5. Creditors: amounts falling due within one year

2023 2022
£ £
Trade creditors 63,271 60,334
Other taxation and social security 35,834 70,230
Other creditors 70,047 14,861
169,152 145,425

6. Creditors: amounts falling due after more than one year

2023 2022
£ £
Other creditors 0 11,867

There are no amounts included above in respect of which any security has been given by the small entity.

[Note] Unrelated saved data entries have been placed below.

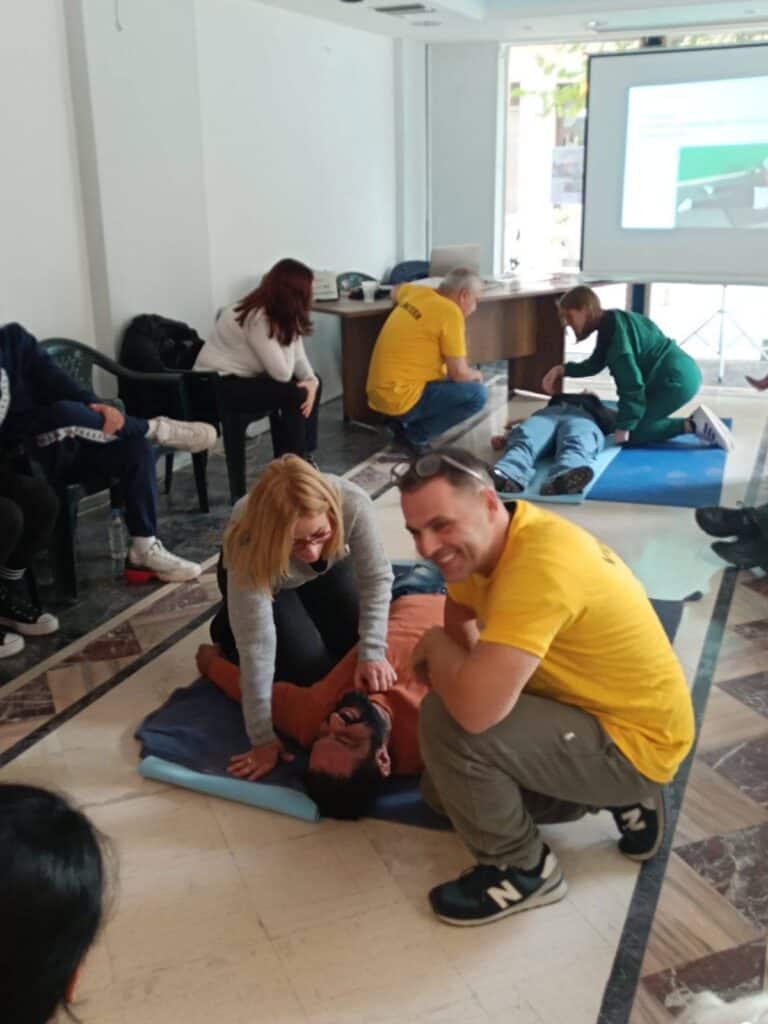 Οι συμμετέχοντες παρακολούθησαν με εξαιρετικό ενδιαφέρον το σεμινάριο Πρώτων Βοηθειών στο χώρο της Αντιδημαρχίας Εθελοντισμού κατά τη διάρκεια του οποίου εκπαιδεύτηκαν σε θεωρητικό και πρακτικό επίπεδο για απόφραξη αεροφόρων σε βρέφος, παιδί, ενήλικα, για τη θέση ανάνηψης σε περίπτωση λιποθυμίας, για την ΚΑΡΠΑ σε βρέφος, παιδί, ενήλικα καθώς και για τη χρήση απινιδωτή. Μετά την ολοκλήρωση του σεμιναρίου, οι συμμετέχοντες έλαβαν βεβαίωση συμμετοχής.
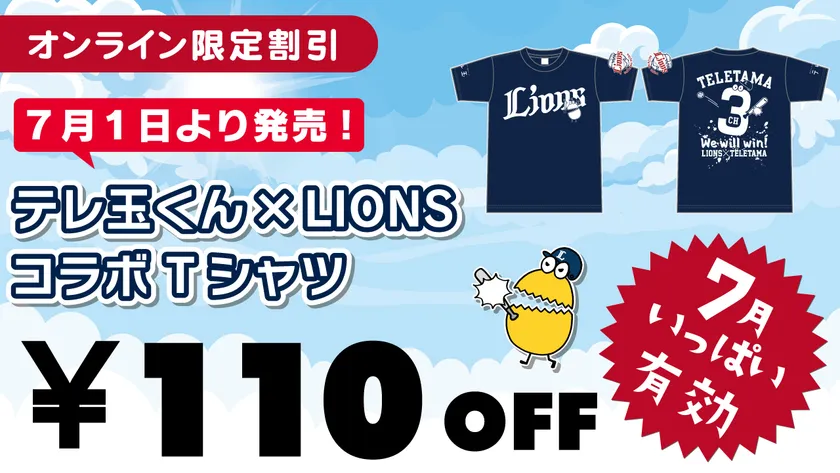 ▼テレ玉アプリ開設を記念して、オンラインストア「テレ玉家」で使える、アプリ利用者限定の割引販売を実施中!「テレ玉×ライオンズコラボTシャツ」をお得にGETしよう!
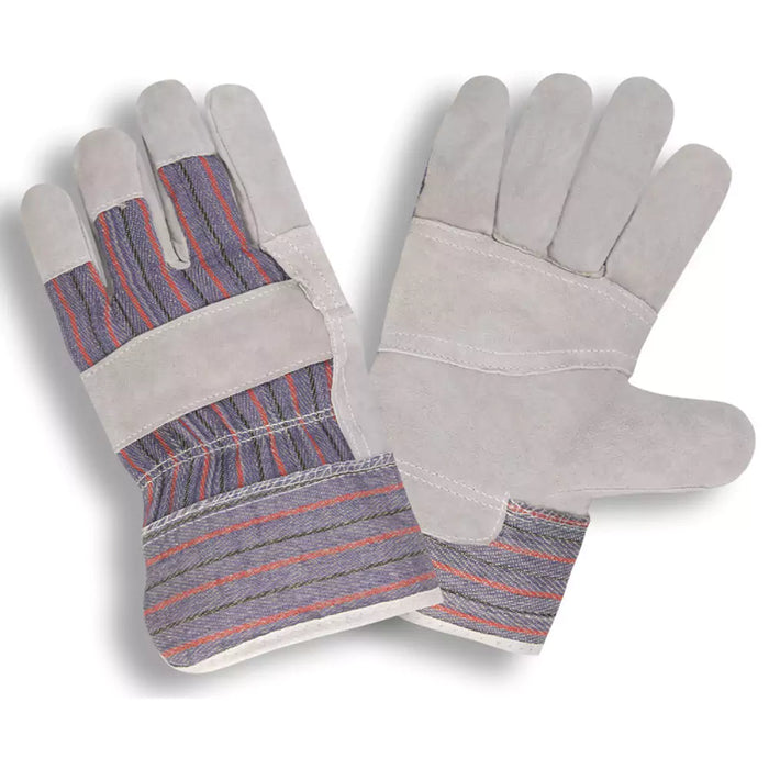 This cowhide, split leather palm is derived from the shoulder section of the hide. The standard/regular and economy cuts are selected from the middle and lower portions of the hide, making them thinner than other grades, but still durable and more economical. Cowhide is also comfortable and abrasion resistant. This glove features a denim back and 2.5-inch denim safety cuff, a patch palm, and gunn pattern.
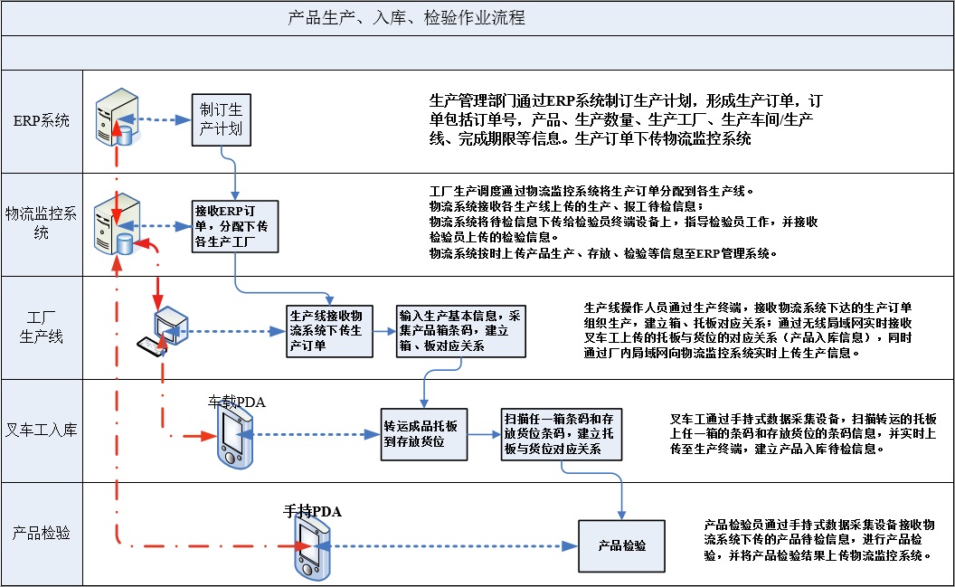 1. 利用高解析噴碼機(jī)或標(biāo)簽打印機(jī)在每個(gè)紙箱指定位置標(biāo)識(shí)條形碼信息,建立箱、托盤關(guān)聯(lián)對應(yīng)關(guān)系,并與系統(tǒng)后臺(tái)數(shù)據(jù)庫進(jìn)行實(shí)時(shí)信息交互。
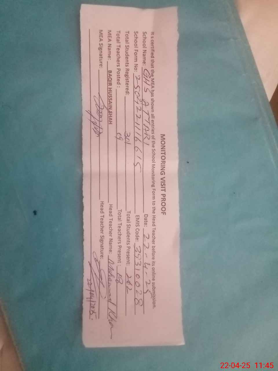 | Attendance Register | Head Teacher | MEA with School | Visit Proof |
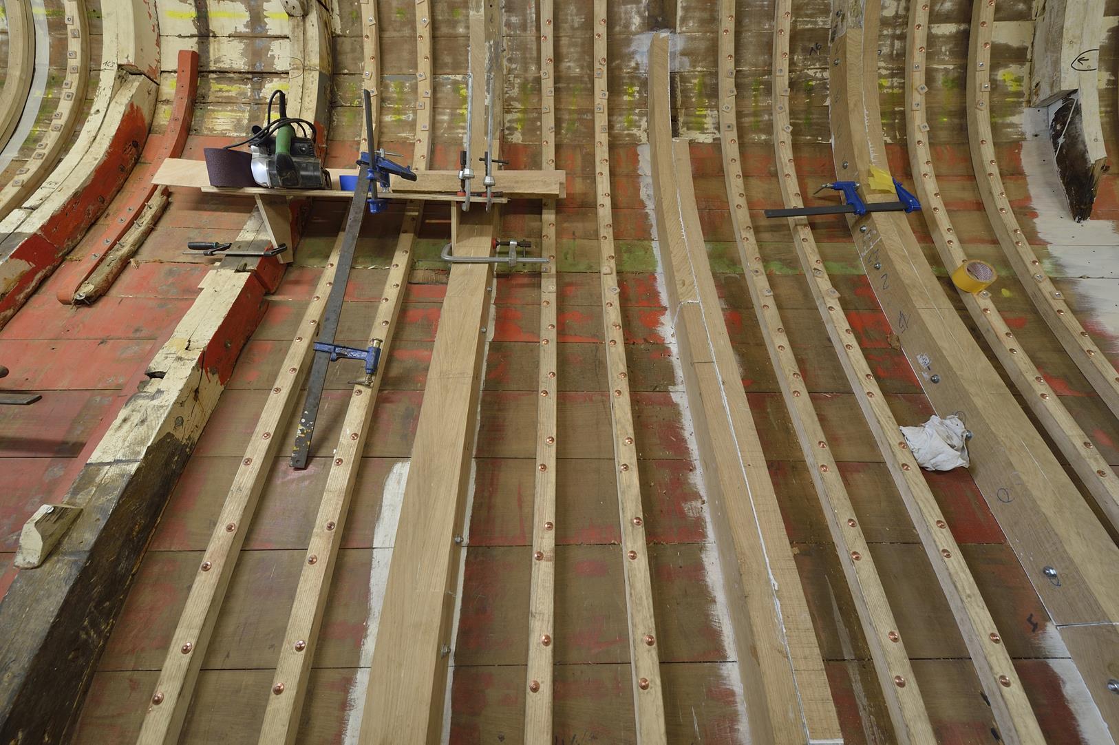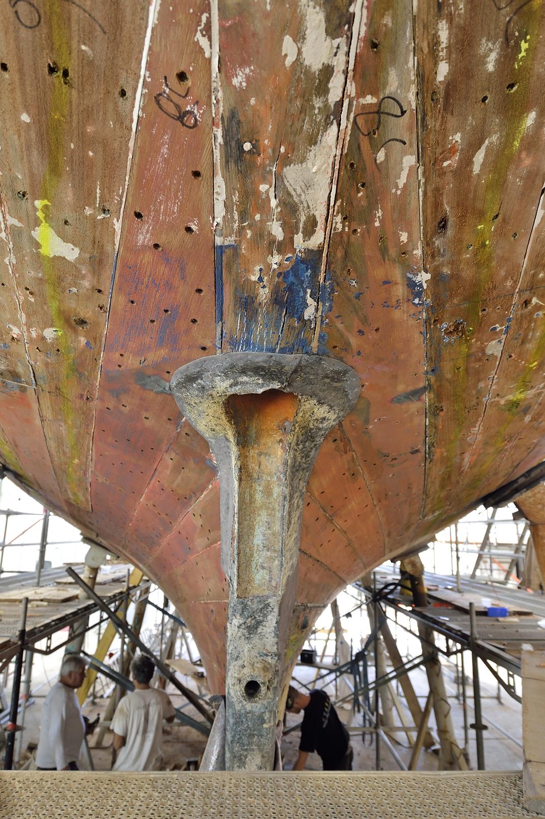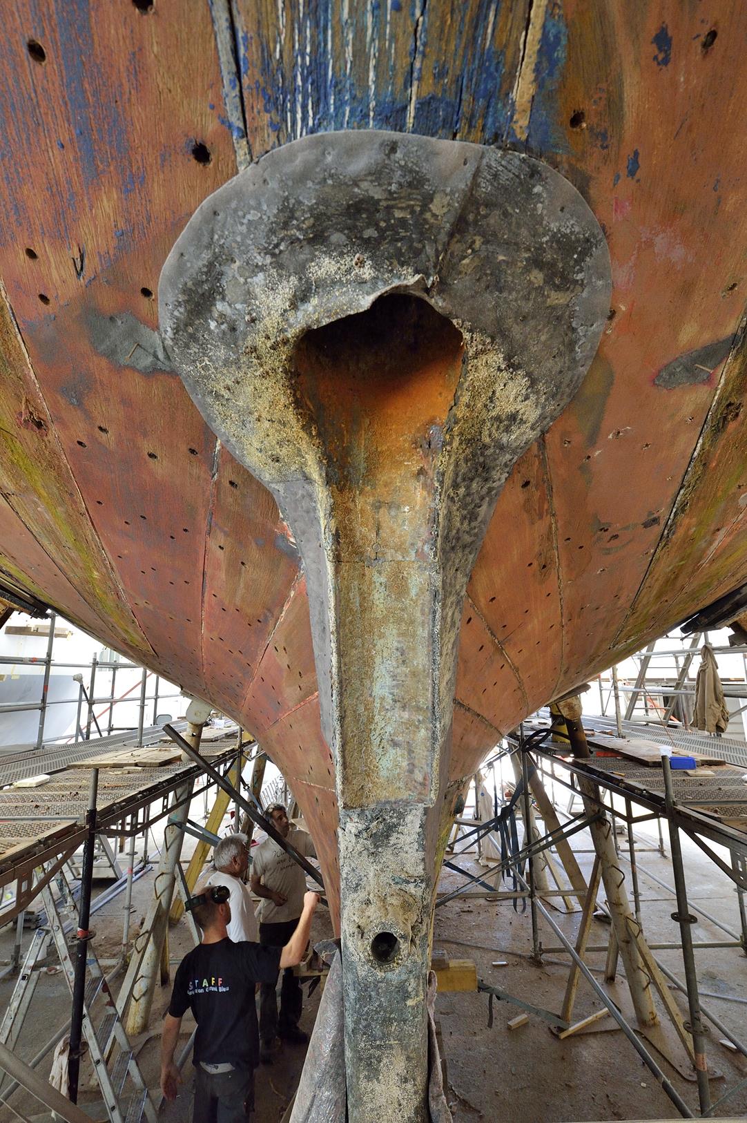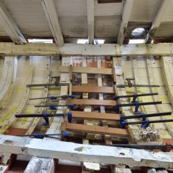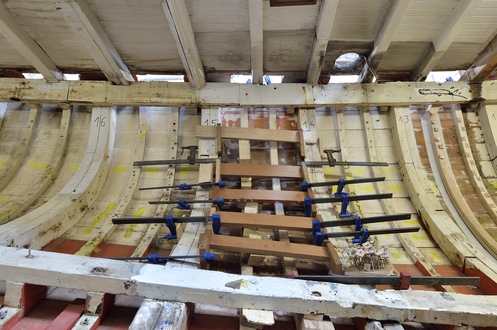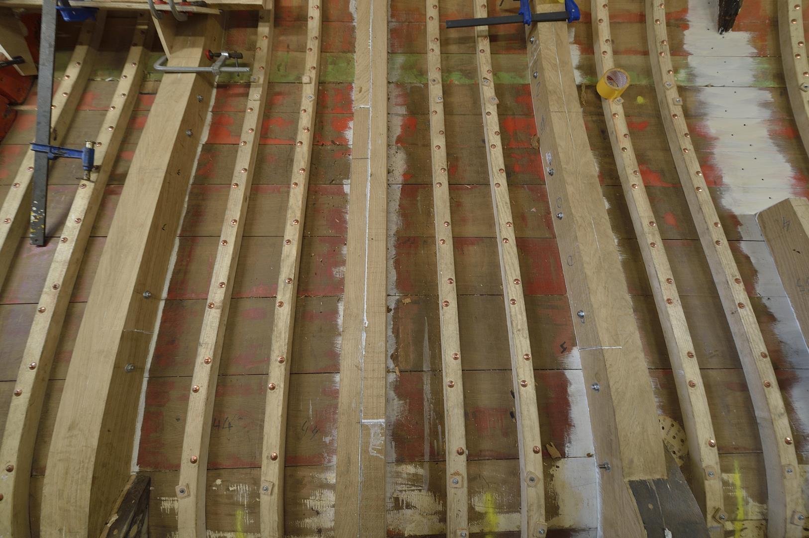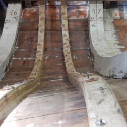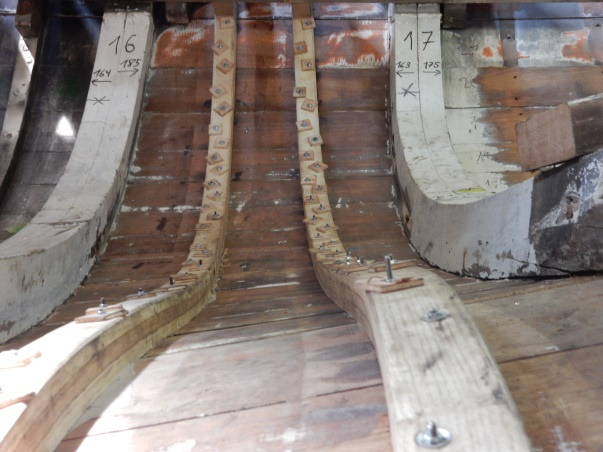 Templates laid out on top of grown oak bends for new sawn frames aft. New “laminated” steam bent frames aft Templates laid out on top of grown oak bends for new sawn frames aft. Damaged wood around rudder tube in horn timber Damaged wood around rudder tube in horn timber New “laminated” steam bent frames aft
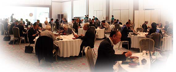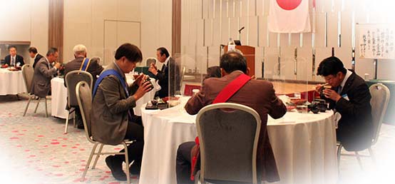 ↓ホストの野洲RC津田会長による開会点鐘、国歌斉唱、ロータリーソング「奉仕の理想」。そしてお客様紹介、食事歓談と続きます。

7. Called-up share capital

2023 2022
£ £
Allotted, called-up and fully-paid
10,217,630 Ordinary shares of £ 0.00001 each (2022: 10,000,000 shares of £ 0.00001 each) 102.18 100.00
3,333,333 Seed 1 Preferred preference shares of £ 0.00001 each 33.33 33.33
4,999,999 Seed 2 Preferred preference shares of £ 0.00001 each 49.99 49.99
83.32 83.32
185.50 183.32

Share premium account represents the premium subscribed for the company's shares in excess of nominal value, less legal and transactional fees.

8. Financial commitments

Other financial commitments

2023 2022
£ £
Future minimum lease payments under non-cancellable operating leases 100,993 189,867

Pensions

The Company operates a defined contribution pension scheme for the directors and employees. The assets of the scheme are held separately from those of the Company in an independently administered fund. At the period end the company had an outstanding amount owed to the pension scheme of £5,324 (2022: £3,486).

2023 2022
£ £
Charge to profit or loss in respect of defined contribution schemes 20,648 27,344

9. Other reserves

The company's capital and reserves are as follows:

Called up share capital

Called up share capital represents the nominal value of shares issued.

Share premium account

Share premium account represents the premium on issue of equity shares, net of any transaction costs.

Other reserves

The other reserves account represents cumulative share-based payment expenses, less those which are transferred to the profit and loss account on exercise.

Profit and loss account

The profit and loss account represents cumulative profits, losses and total other comprehensive income made by the company, including distributions to, and contributions from, the owners.